A slight footnote here would be appropriate, to let the reader know that Quichotte is not real. His fictionary realness has been created by Sam Duchamp, a third-rate spy novelist, estranged from his successful sister, a Human Rights Lawyer living in London, estranged, angry, and deeply embittered by the Brother. The Sister also needs a drug, that can be arranged by the Brother. But they haven’t spoken in 30-odd years. Throughout the book, these two characters are referred to, as ‘Brother’ and ‘Sister’ – a narrative trope to tell us, that there is no brother without the sister, their names don’t matter, but what two people do to each other, in the wingspan of their lifetimes, does. The human foibles in the failed and resurrected relationships – that determine the title at birth.
So the same story happens twice. One with Quichotte. And one with Brother, the writer of Quichotte.
Rushdie’s brilliance lies in your own forgetfulness, when the real and the fictional are no longer carefully winnowed by your subconscious when you no longer know whether Brother is writing Quichotte or Quichotte is writing Brother.
And Rushdie’s brilliance, resides again, in the fact that you ‘want’ to read this twice. Once with Quichotte, and once more with Brother.
And this novel is crowded, meandering, disassembling, sprawling – with no single root or soil, gushing forth with the absence of a dominant narrative line. It speaks of the thronging crowdedness of life, the multiplicity of conflicts – deeply personal and passionately political, it pitches one against the other, shows the inevitability of one over the other, it moves between its tramlines of plot and prejudice – it’s encyclopedic with its psychedelic hues. E.g. Quichotte visits an eerie town on his road trip, when the motel manager wants to check the size of his teeth and the count of his canines. During the night, there is abominable howling and trumpeting. Quichotte wakes up to find mastodons, yes mastodons, tearing down the streets, snarling. The hotel manager apologizes to Quichotte and explains that those were the neighbors, one by one, slowly turning into mastodons, because they no longer listened to reason, they were horribly fascist and refused to engage. Hence, they were all succumbing to the Mastodon Malady.
Yeah, almost forgot. The book is rife with metaphorical roguery, the centrifugal one being – do we any longer, really truly know what is real? And what is not real?
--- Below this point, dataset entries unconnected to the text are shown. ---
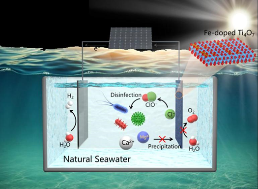 The team developed a Fe-doped Ti4O7 electrode (Fe-Ti4O7) using mechanochemical methods. The introduction of Fe enhances the electrophilicity of lattice oxygen active sites on the Ti4O7 surface, thus significantly improving the selective activation of low-concentration chloride ions present in natural seawater while effectively suppressing the deposition of alkaline earth metal ions on the electrode surface.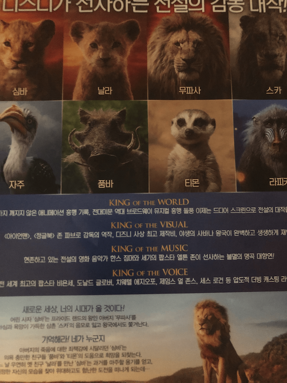 그리고 조조로 라이온 킹을 관람한 제 의견 또한 장점보다는 단점이 더 많을 것 같습니다. 물론 흥행의 여부로만 따진다면 분명 라이온 킹은 알라딘을 이어 흥행가도를 이어갈 듯 하지만 그것과는 상관없이 이 영화는 겉만 화려한 영화입니다. 차라리 원작의 애니메이션 영화를 다시 보는 것이 나을 정도로 이번 영화는 원작을 뛰어넘지도, 따라가지도 못하고 있습니다.
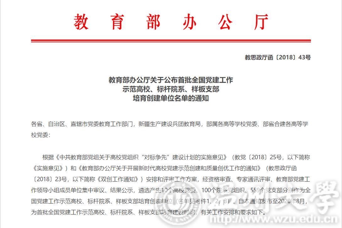 近日,据《教育部办公厅关于公布首批全国党建工作示范高校、标杆院系、样板支部培育创建单位名单的通知》(教思政厅函〔2018〕43号)悉,少妇白洁 化学与材料工程学院教工实验中心党支部获首批“全国党建工作样板支部”培育创建立项。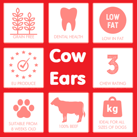- Dental health – Dogs adore gnawing on our Cows Ears which helps maintain good oral health. Dental plaque gets loosened and removed when dogs chew on our Cows Ears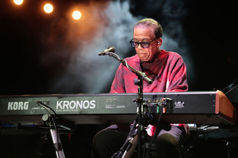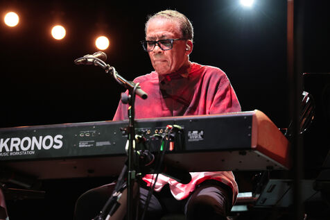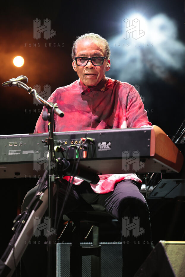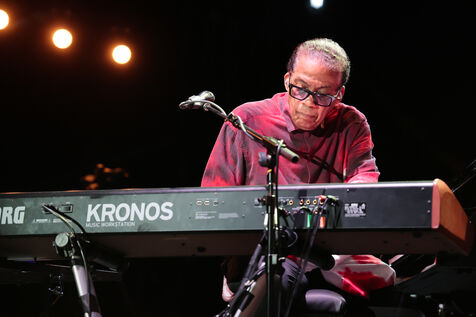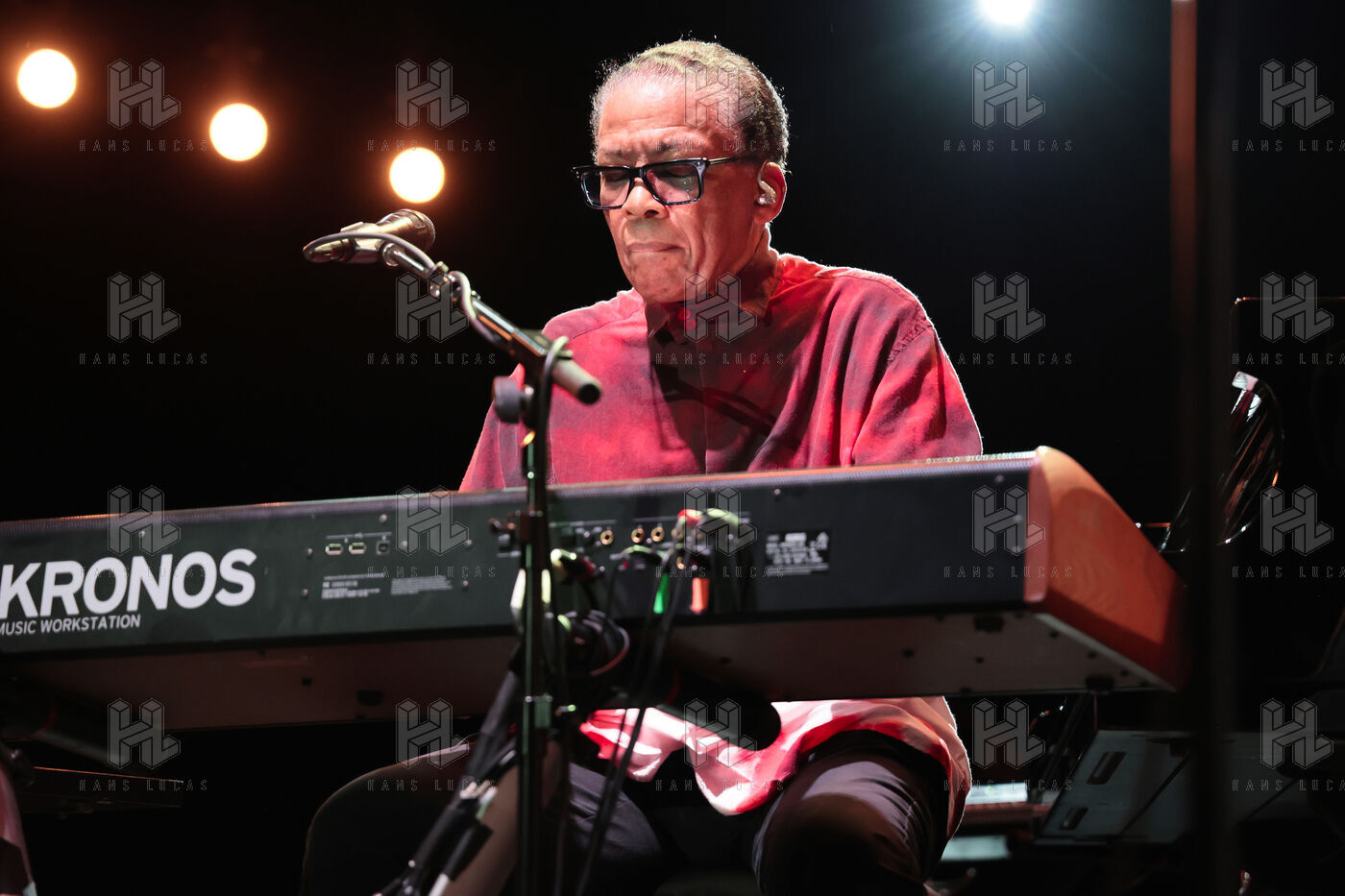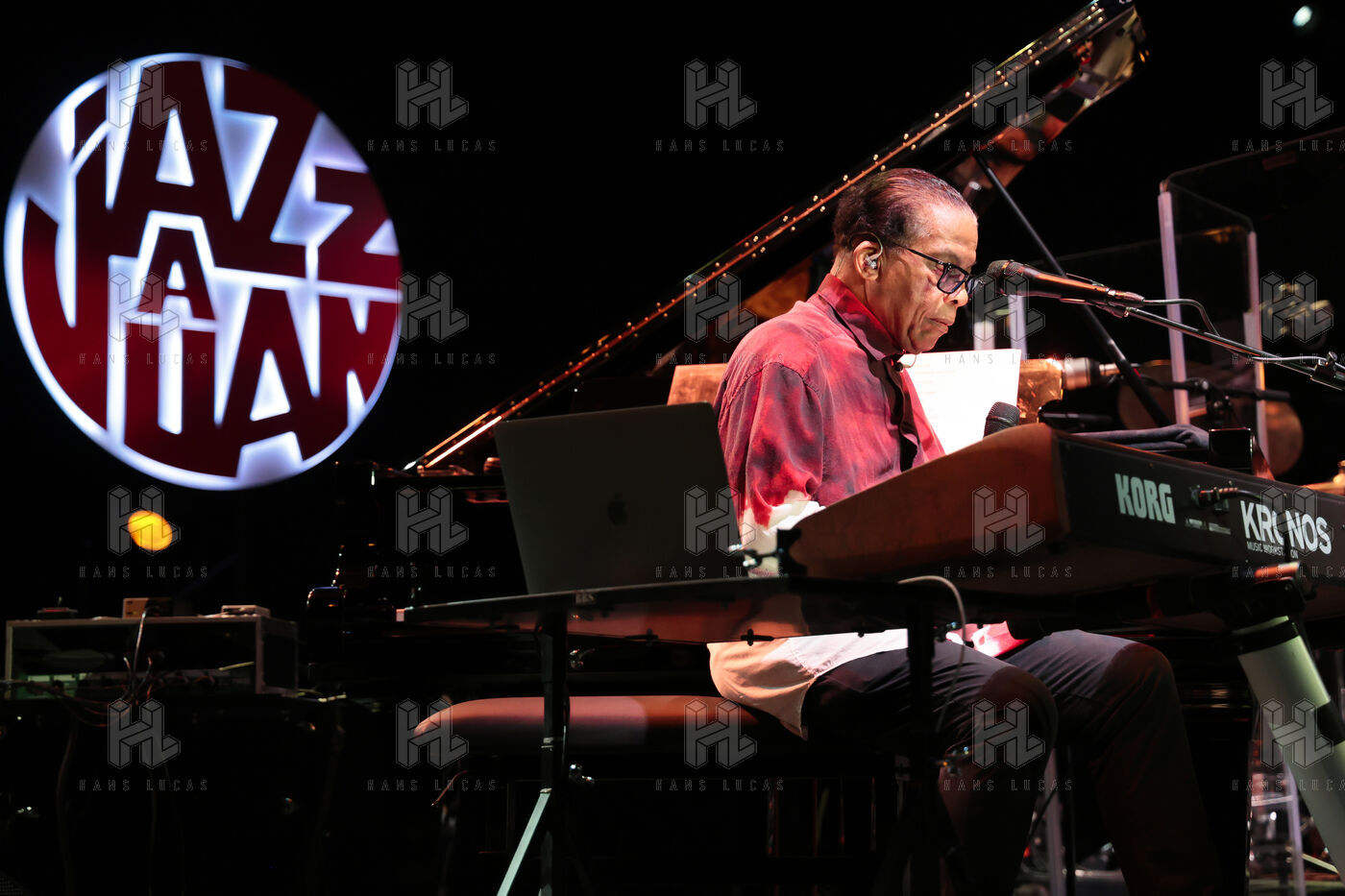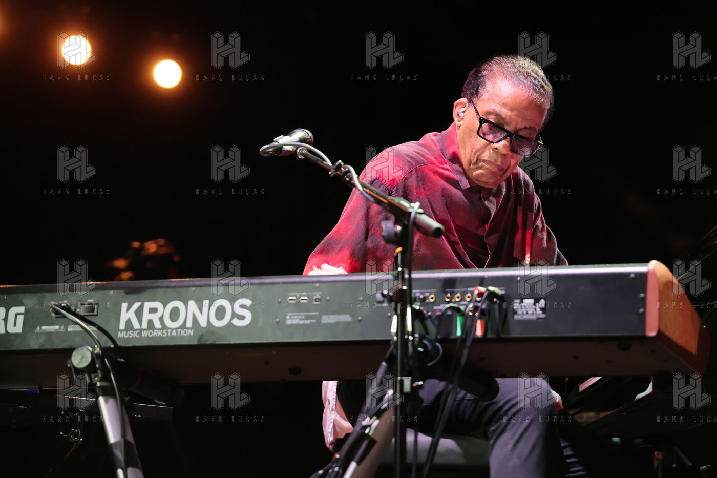 Herbie Hancock, pianiste, clavieriste et compositeur americain de jazz se produit sur la scene du festival Jazz a Juan 2025.

I’ve always believed that no two people read the same book. And in Rushdie’s allegorical outing, I am absolutely sure that the book I’ve read will be very different from the one that you will.
Is it a story of forgiveness? Where Brother must talk to Sister and honor their intertwined lives? Is it a story of love? Where Quichotte, in his questing as Gallant knight, reinvigorates the unhopeful Salma R? Is it a story that explains the climate emergency depicted with a gaping hole in the sky, with the end-of-book scenes played out like Will-Smith-End-of-World doomsday saga? Is it a story that tells us of the pernicious hypnotism that wrongful, treacherous media fuelled by distorted political ambition, has over us? Or, is it a simple story of how a failed man fictionally writes about another failed man, hoping the written failed man wouldn’t fail as much as him?
I.do.not.know. And.neither.will.you.
Rushdie’s Quichotte is one breath away from being tossed away as Absurd. And that breath, is that of a Reader, with a mind forever colluded, with opposites and the cataclysmic, with plot lines that jump and dissolve and parkour, thought lines that are neither straight nor curved, and a will, that always allow, that is always disobedient.
This book is not for everyone. But. It could most certainly be for you.